**Provided material**.
+ + + + +

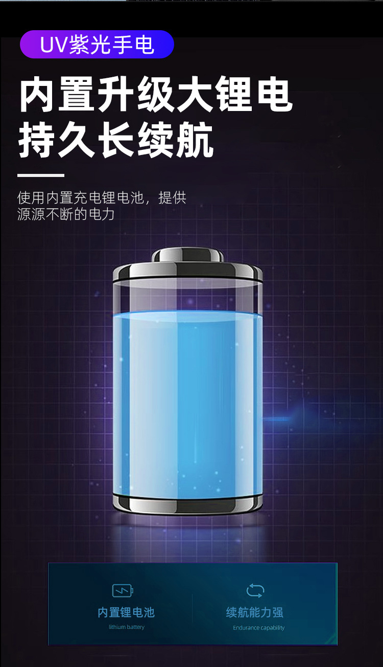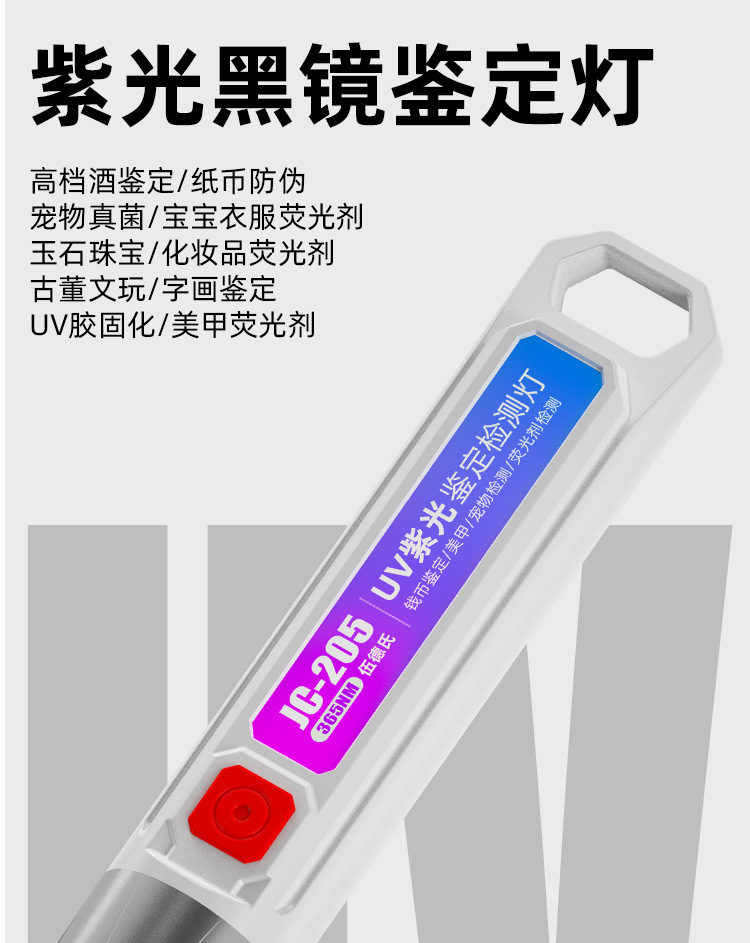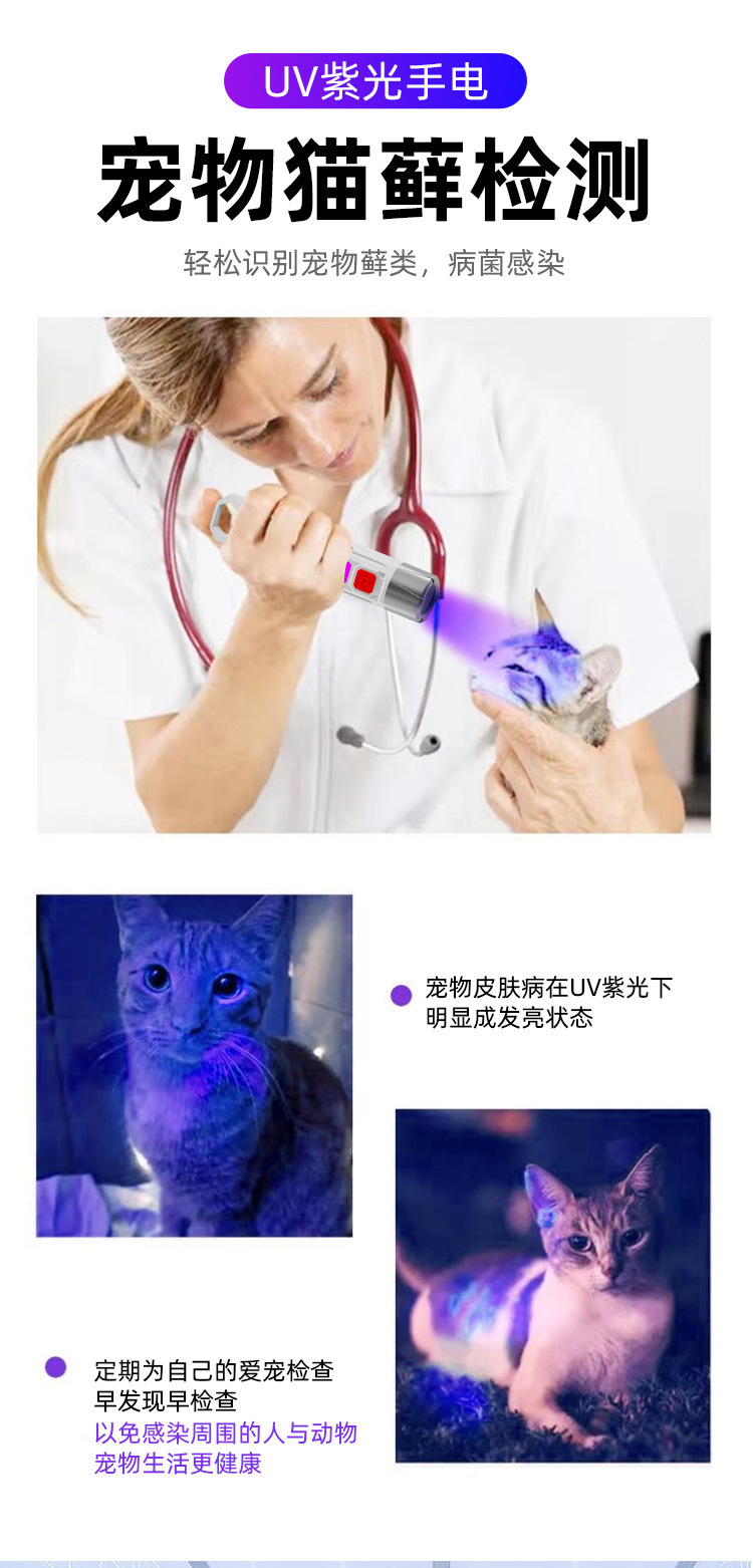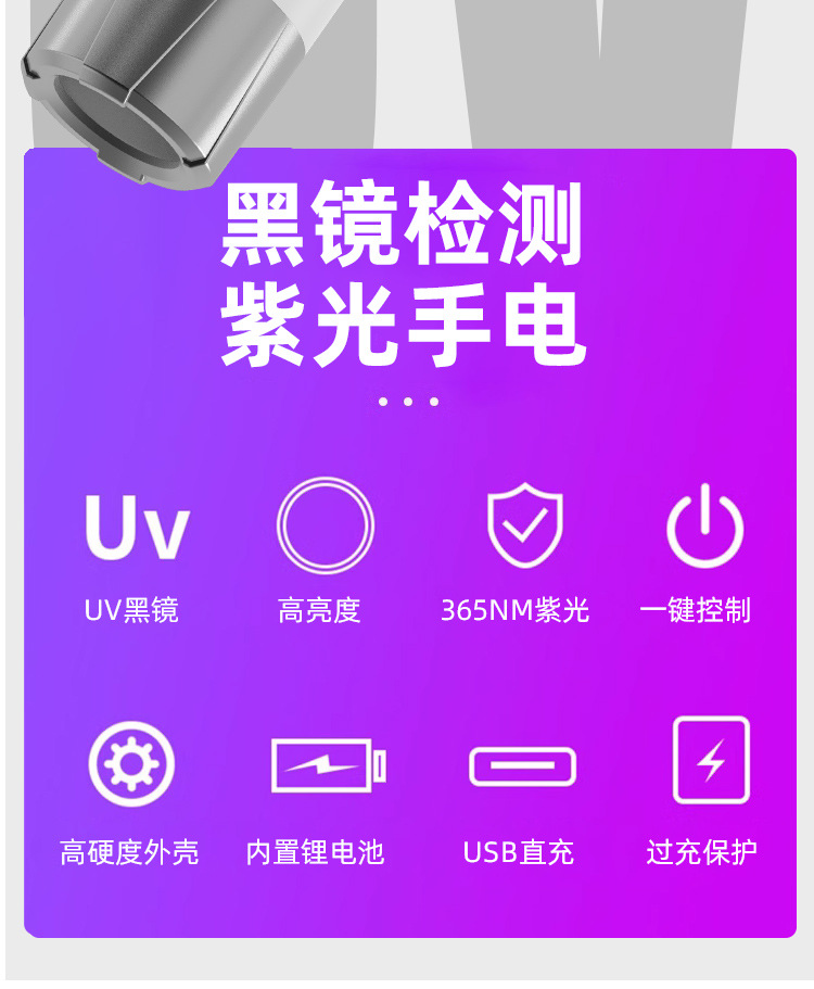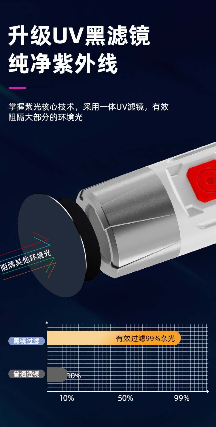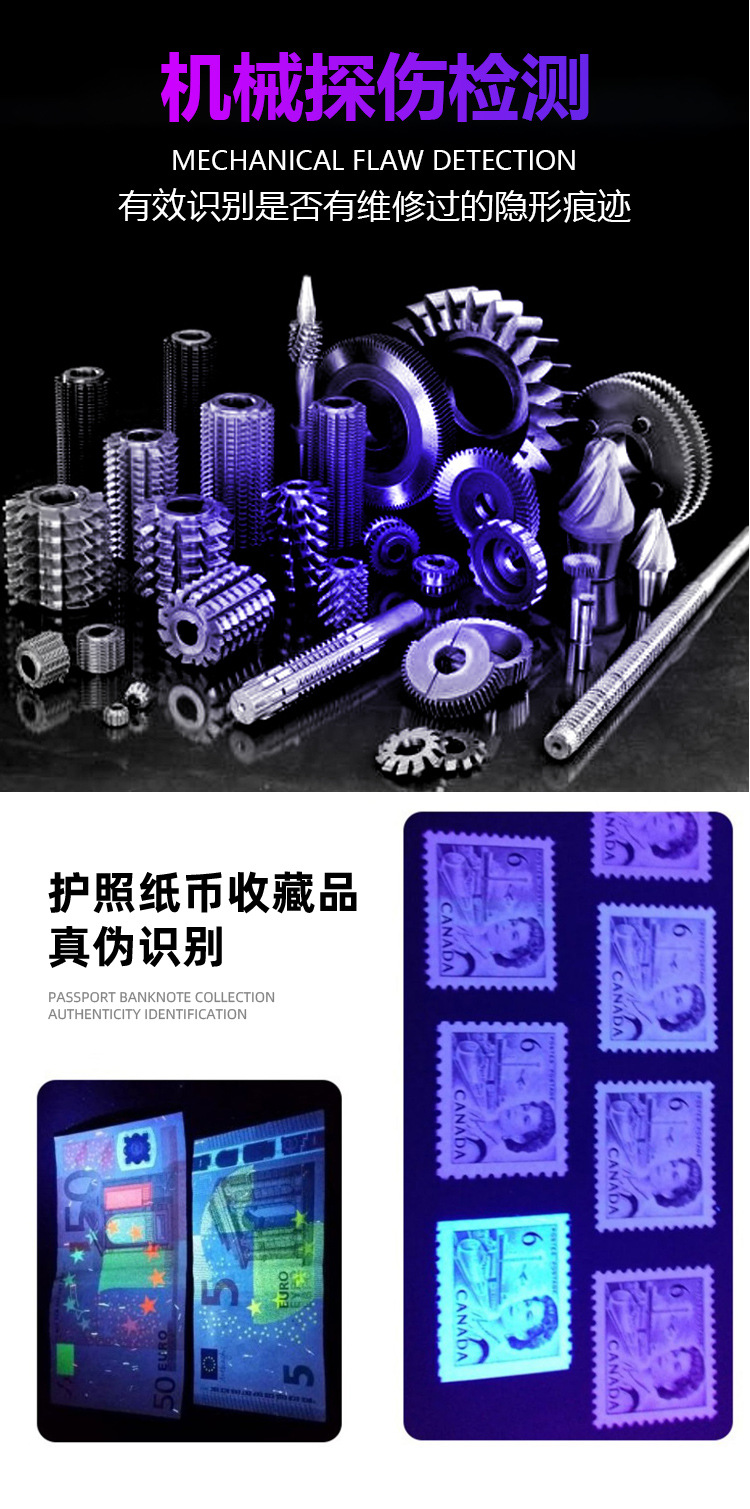 紫光灯鉴定专用手电筒烟酒防伪翡翠玉石UV胶固化LED伍德氏猫癣灯
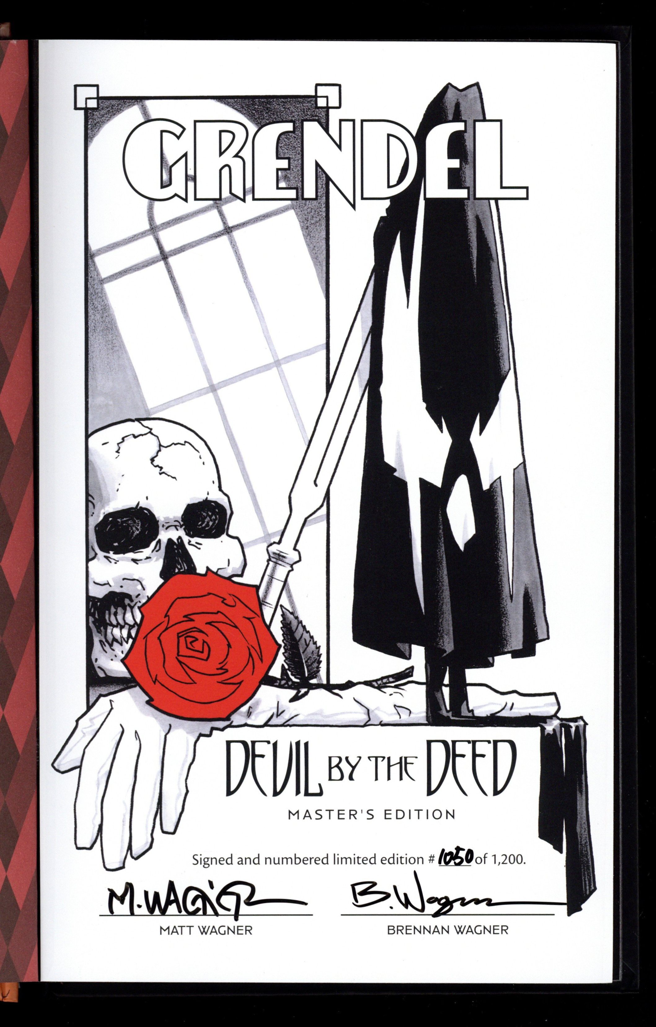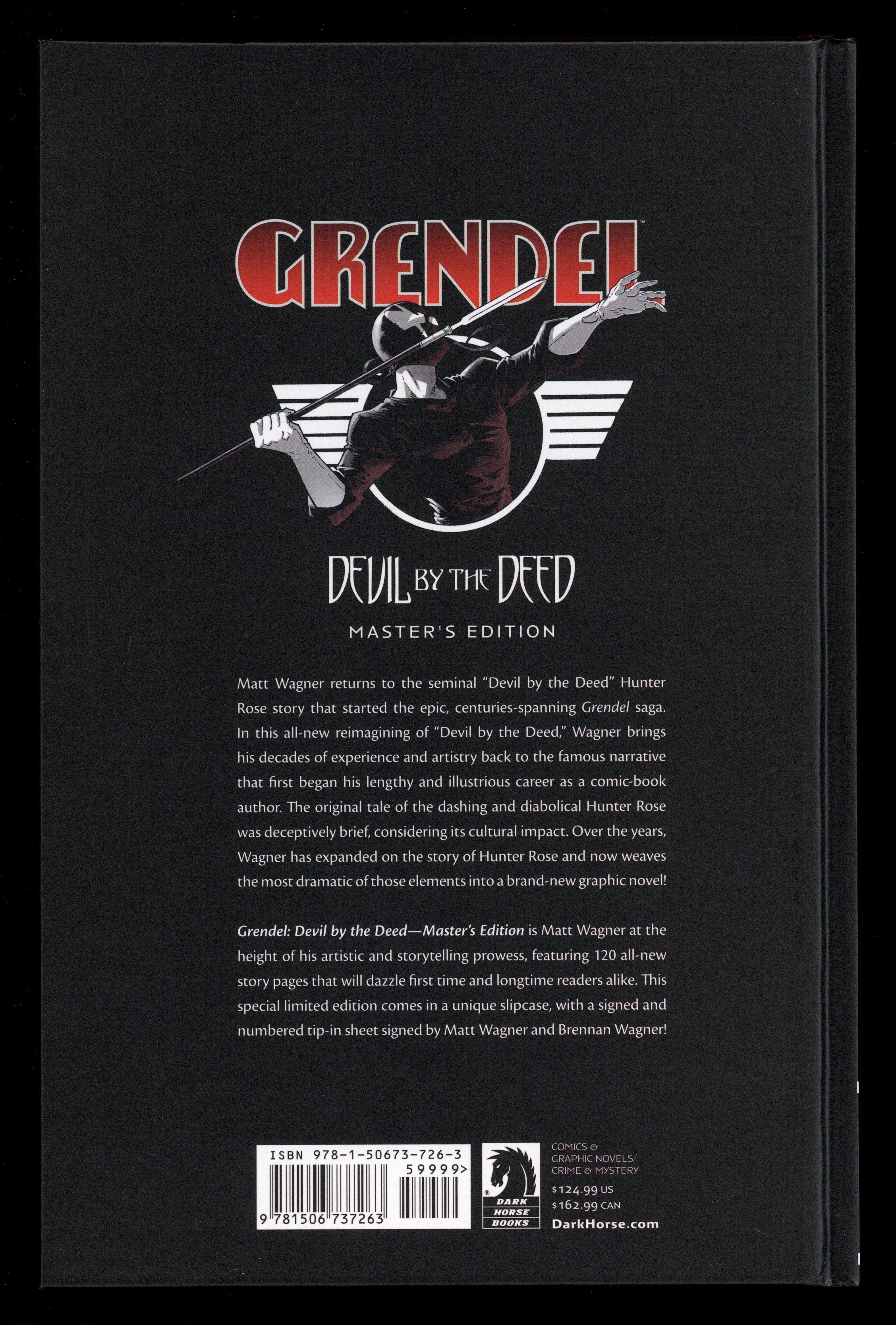 1st printing. Collects Grendel backup stories from Mage: The Hero Discovered (1985) #6-14. Story and art by Matt Wagner. Matt Wagner returns to the seminal "Devil by the Deed" Hunter Rose story that started the epic, centuries-spanning Grendel saga. In this all-new reimagining of "Devil by the Deed," Wagner brings his decades of experience and artistry back to the famous narrative that first began his lengthy and illustrious career as a comic-book author. The original tale of the dashing and diabolical Hunter Rose was deceptively brief, considering its cultural impact. Over the years, Wagner has expanded on the story of Hunter Rose and now he weaves the most dramatic of those elements into a brand-new graphic novel. GRENDEL DEVIL BY DEED - Master's Edition is Matt Wagner at the height of his artistic and story-telling prowess, featuring 120 all-new story pages that will dazzle first time and longtime readers alike. Hardcover, 136 pages, B&W (and Red). Cover price $124.99.
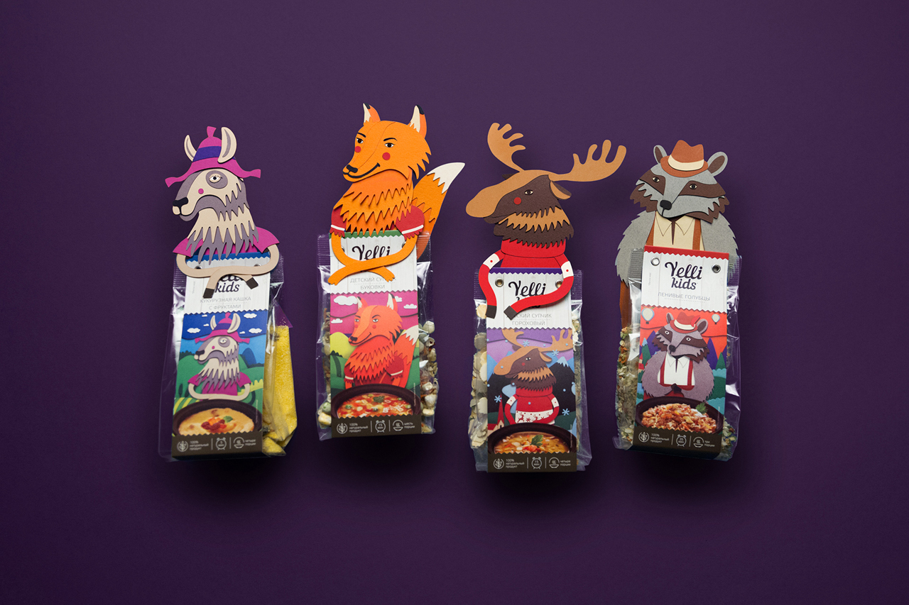 Каждая упаковка Yelli Kids — это новая история о нашей планете и ее жителях. По-детски наивные, сделанные из аппликаций, со своими сюжетами и национальными особенностями. Дизайнеры создали упаковки, которые становятся элементами игры и рассказывают истории.
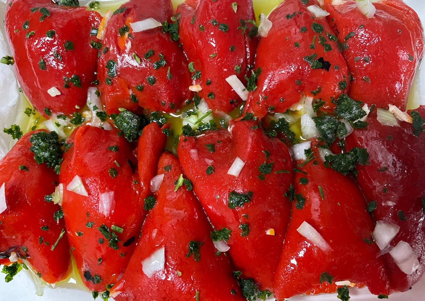 - Una vez que están todos los pimientos en la fuente echamos un poco de sal, cebolla picada, perejil y vinagreta que haremos mezclando seis cucharadas de aceite con dos de vinagre de manzana.

+ + + + +

**Your instructions**.
Your answer must be the full listing, copied exactly, with no pictures in it.

**The answer**.
 紫光灯鉴定专用手电筒烟酒防伪翡翠玉石UV胶固化LED伍德氏猫癣灯
 1st printing. Collects Grendel backup stories from Mage: The Hero Discovered (1985) #6-14. Story and art by Matt Wagner. Matt Wagner returns to the seminal "Devil by the Deed" Hunter Rose story that started the epic, centuries-spanning Grendel saga. In this all-new reimagining of "Devil by the Deed," Wagner brings his decades of experience and artistry back to the famous narrative that first began his lengthy and illustrious career as a comic-book author. The original tale of the dashing and diabolical Hunter Rose was deceptively brief, considering its cultural impact. Over the years, Wagner has expanded on the story of Hunter Rose and now he weaves the most dramatic of those elements into a brand-new graphic novel. GRENDEL DEVIL BY DEED - Master's Edition is Matt Wagner at the height of his artistic and story-telling prowess, featuring 120 all-new story pages that will dazzle first time and longtime readers alike. Hardcover, 136 pages, B&W (and Red). Cover price $124.99.
 Каждая упаковка Yelli Kids — это новая история о нашей планете и ее жителях. По-детски наивные, сделанные из аппликаций, со своими сюжетами и национальными особенностями. Дизайнеры создали упаковки, которые становятся элементами игры и рассказывают истории.
 - Una vez que están todos los pimientos en la fuente echamos un poco de sal, cebolla picada, perejil y vinagreta que haremos mezclando seis cucharadas de aceite con dos de vinagre de manzana.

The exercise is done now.